TBD: Typed Models

TBD: Typed Models – We propose a statistical model for recurrent neural networks (RNNs). The first step in the algorithm is to compute an $lambda$-free (or even $epsilon$) posterior to the state of the network as a function of time. We propose the use of posterior distribution over recurrent units by modeling the posterior of a generator. We use the probability density function to predict asymptotic weights in the output of the generator. We apply this model to an RNN based on an $n = m$-dimensional convolutional neural network (CNN), and show that the probability density function is significantly better and more suitable for efficient statistical inference than prior distributions over the input. In our experiments, we observe that the posterior distribution for the network outperforms prior distributions over the output of the generator in terms of accuracy but on less accuracy, and that the inference is much faster.

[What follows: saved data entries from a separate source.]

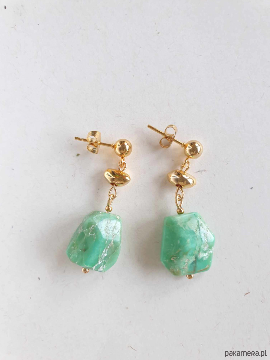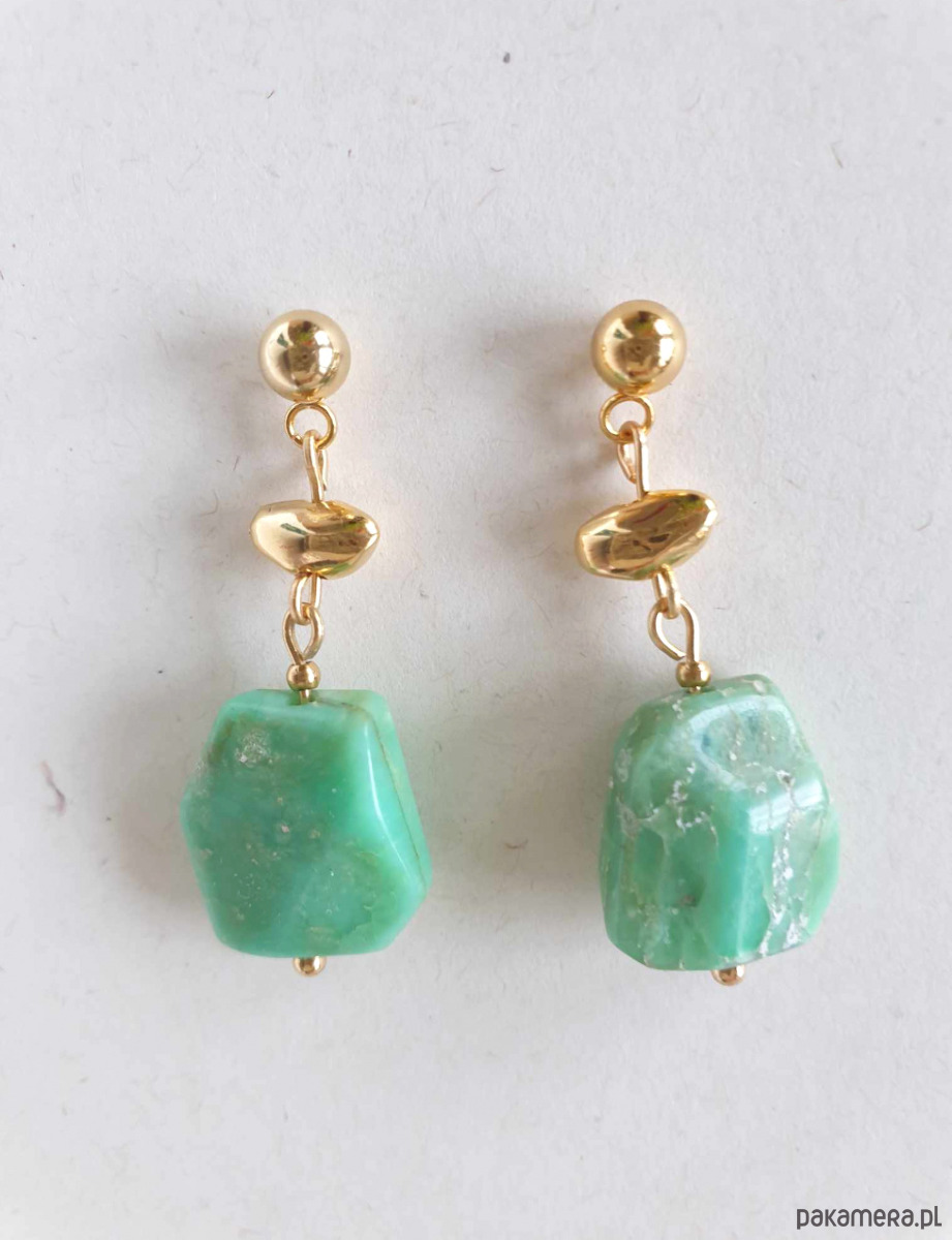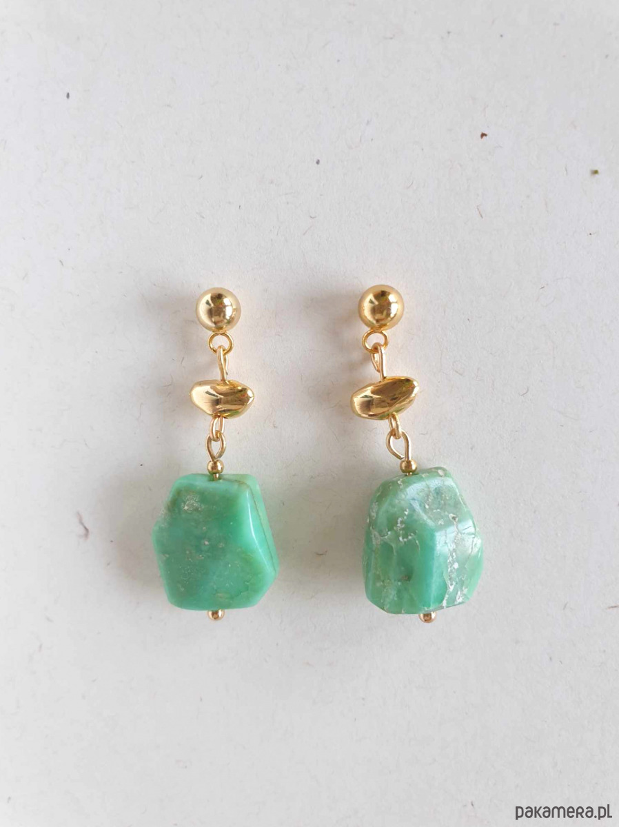 Kolczyki wiszące z chryzoprazem i mosiądzem złoconym
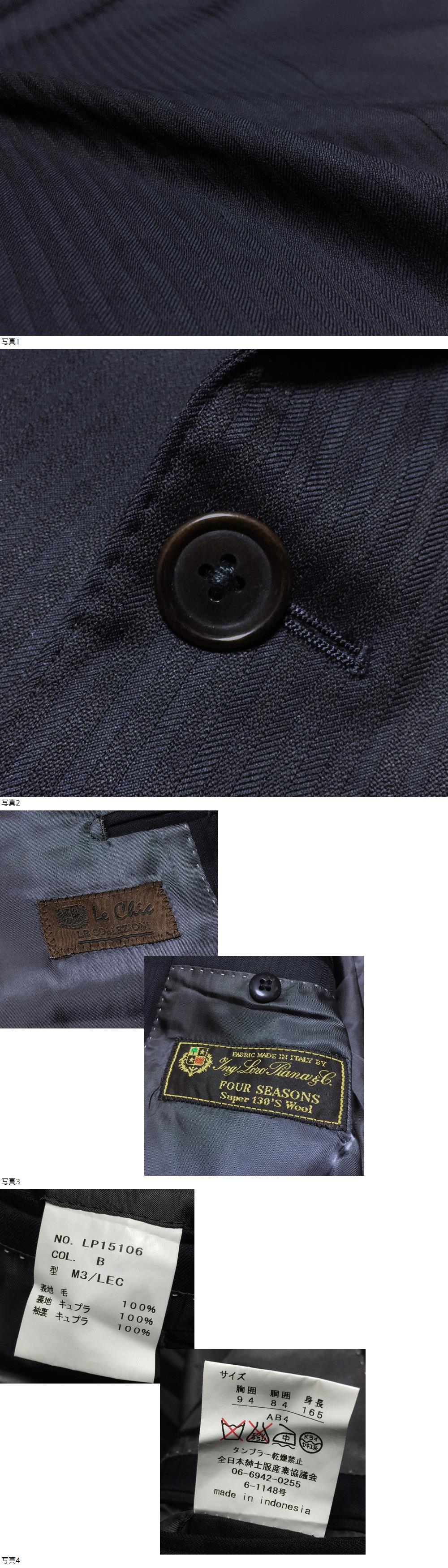 | 【ブランド】 Le Chic ル・シック× Loro Piana ロロピアーナ Loro Piana :1936年イタリア、クアローナにて創業の最高級カシミアと最高級ウールを取り扱い、ゼニアと共にイタリア生地ブランドトップ2として君臨している最高級服地メーカー兼プレタブランドです。 【デザイン・モデル】 FOUR SEASONS Super130’S Wool ウール ストライプ柄 本切羽 2B テーラードジャケット FOUR SEASONS Super130’S Wool:厳選されたニュージーランド産スーパーファインメリノウールを100%使用。最大の特徴はその組織感・光沢にあり、メリノウールの繊維が非常に細く、1キログラムの羊毛から100キロメートルの長さを紡ぐ事が出来る程。その糸を1/2のサージの織機で織り上げることで、原毛の持つシルクのような上品な光沢を醸しだし、クラシックでありながら、モダンテイストを表現。軽い着心地と、しなやかな肌触り、しかも最もラグジュアリーで上品さが魅力です。四季を通して快適に着用できるよう考慮された生地、シワの回復力に優れ、ビジネスシーンにも適しています。 【生産】 全日本紳士服産業協議会 【詳細・コメント】 Le Chic ル・シック テーラードジャケットになります。イタリア ロロピアーナ社の高級FOUR SEASONS Super130’S Woolウール地で仕立てた、ストライプ柄の光沢・艶のあるロロピアーナらしい上品な素材感で高級感溢れる逸品。美しいシルエットでワンランク上のジャケットスタイルを演出して頂けます。仕立ては、シングル2ボタン、袖口は本切羽4ボタン、総裏地、サイドベンツです。 正規品です。 【サイズ】 表記: AB4 (胸囲94 胴囲84 身長165) ※実寸を参考にして下さい。 平置実寸:身幅50㎝ 着丈70cm 肩幅44㎝ 袖丈59㎝ ※多少の誤差はご了承ください。 【カラー・パターン】 ブラック × ネイビー シャドーストライプ柄 ※ご覧になられるモニターや、デジカメの撮影具合によって色味が異なる場合がございますのであらかじめご了承ください。 【品質】 表地:毛100% 裏地:キュプラ100% 【コンディション】 USED 中古品 です。多少の使用感ございますが、目立ったダメージは無くきれいです。まだまだ着ていただけます!※写真参考に判断して下さい。ユーズドアイテムにご理解ある方のみご入札お願い致します 。 | |||
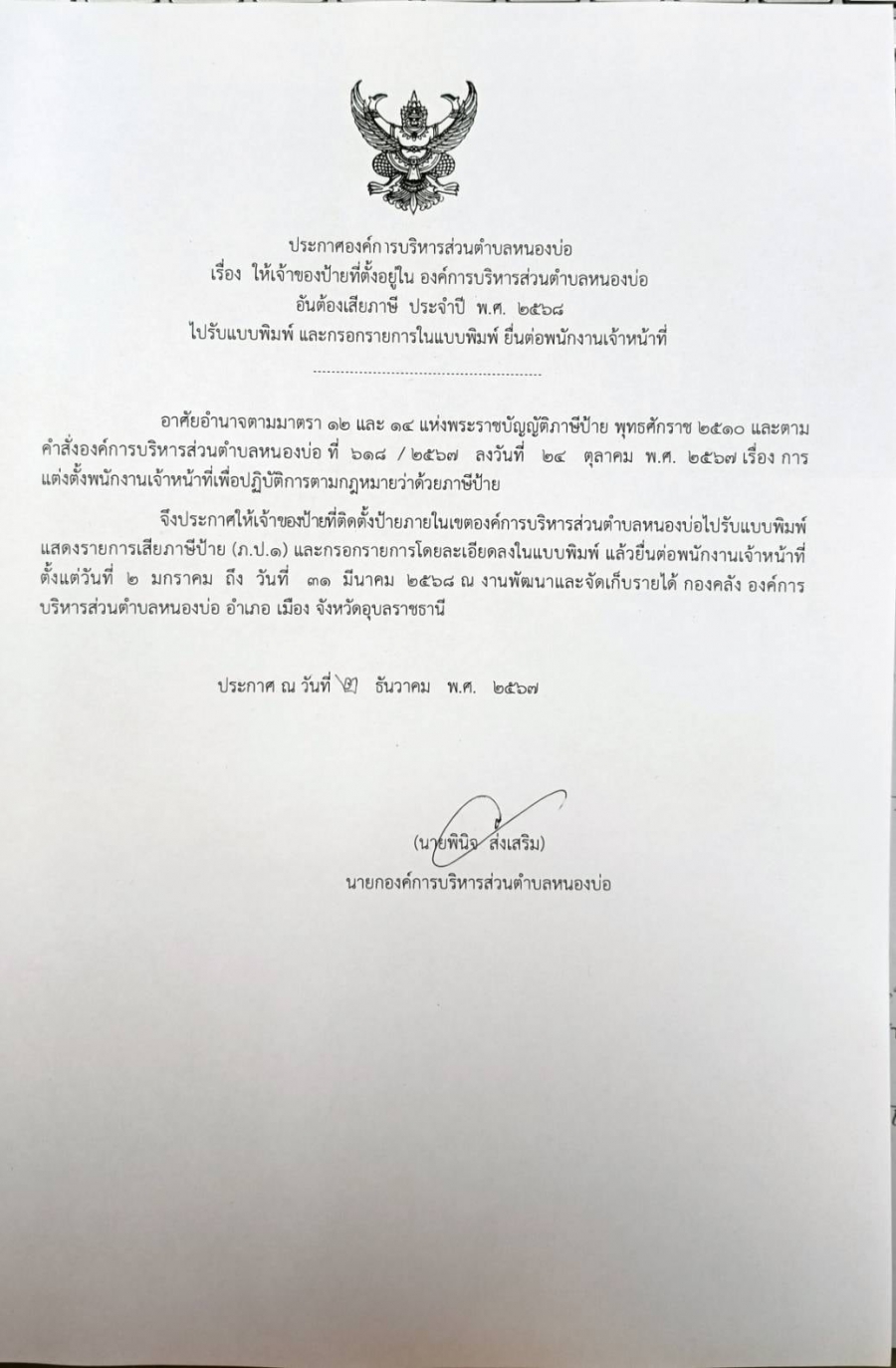 ประกาศองค์การบริหารส่วนตำบลหนองบ่อ เรื่อง ให้เจ้าของป้ายที่ตั้งใน องค์การบริหารส่วนตำบลหนองบ่อ อันต้องเสียภาษี ประจำปี พ.ศ. 2568

In this paper, we propose a fully efficient and robust deep learning algorithm for unsupervised text classification. The learning is done using a CNN-based model, which uses information to model the semantic relations between text words and classify them. In order to learn the semantic relation between text words and classify them, the CNN-based model must first learn the semantic relationship between word-level and word-level features, which may not be available in both the word embedding and model. As a result, we have to rely on a few different word embedding features, which we call the word-level feature, and a more discriminative one to classify the text word with low-level information. We validate our model on unsupervised Chinese text classification datasets and on publicly available Chinese word graph. The model achieves comparable or comparable accuracy to state-of-the-art baselines for both unsupervised and supervised classification, especially when it is coupled with fast inference.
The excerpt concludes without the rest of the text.